Before joining BBC Science as a TV producer, Simon Singh completed a Ph.D. in particle physics at Cambridge University and CERN. In 2008, the British Chiropractic Association (BCA) sued Singh for an article criticizing claims to treat various childhood conditions. The case ended in 2010, when the BCA withdrew their action, thereby vindicating Singh’s original publication. Simon has spent the last two years as a member of the Libel Reform Campaign, which aims to bring English libel law in line with levels of free speech in other democratic countries.
An active member of the research community in the fields of cryptanalysis (breaking ciphers), computer security, and privacy, Orr Dunkelman has published numerous papers analyzing the security of ciphers and cryptosystems. He is widely recognized for his work on the Advanced Encryption Standard (AES), the KASUMI block cipher that is used to protect 3G communications, and the KeeLoq block cipher that is widely deployed in remote entry systems, such as alarms.

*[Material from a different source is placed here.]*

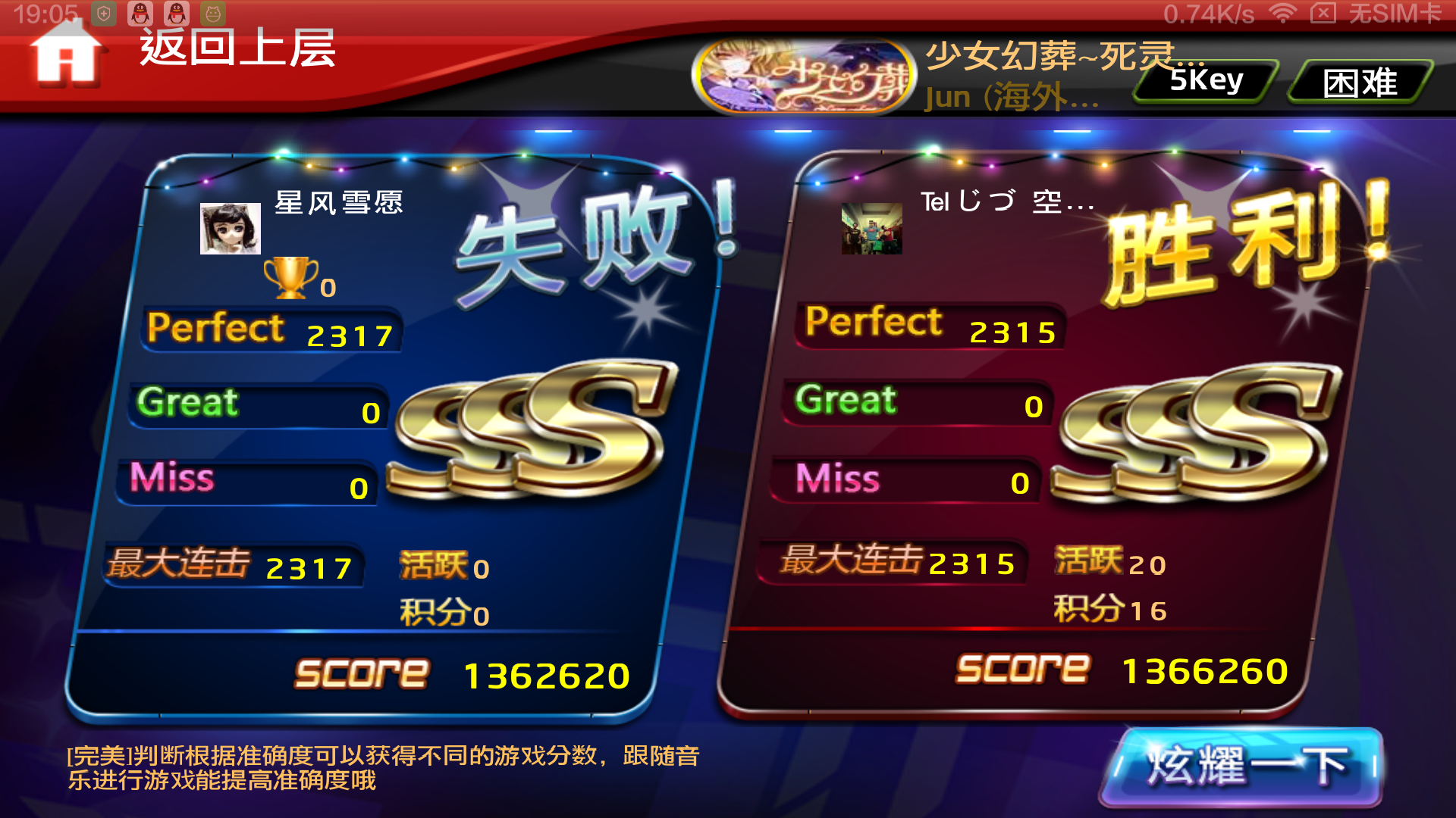 感觉这歌5k满分虽然不易但感觉也不太难,对面是电音女王.专业
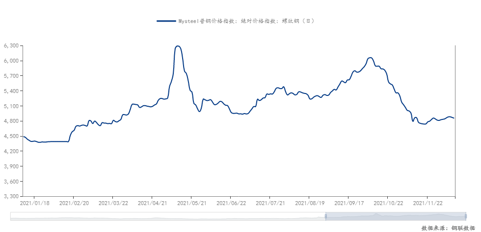 2021年螺紋鋼現貨價格走勢(數據來源:鋼聯數據)

Additionally, Orr has worked on improving cryptanalytic methods and developing new techniques. His advances in the cryptanalytic toolbox have helped buffer recent attacks on the full AES and many other ciphers.
Born in Ramat Gan, Israel, Orr Dunkelman completed his Ph.D. studies in the computer science department at the Israel Institute of Technology in 2006. He currently holds a faculty position at the University of Haifa, Israel.
Manager and research staff member of the Cryptography Research Group at IBM’s T.J. Watson Research Center, Tal Rabin’s research focuses on the general area of cryptography and, more specifically, on multiparty computations, threshold and proactive security, which the National Research Council Cybersecurity Report to Congress said “… are now being seen as exactly the right primitives for building distributed systems that are more secure”.
Rabin regularly publishes in leading cryptography and security conferences and journals and has written several book chapters. She has also served as the Program Chair in leading cryptography conferences and is an editor of the Journal of Cryptology.
Rabin obtained her Ph.D. in Computer Science from the Hebrew University, Israel in 1994, and was an NSF Postdoc Fellow at MIT between 1994-1996. Following her postdoc, she joined IBM in 1996 and started managing the group in 1997.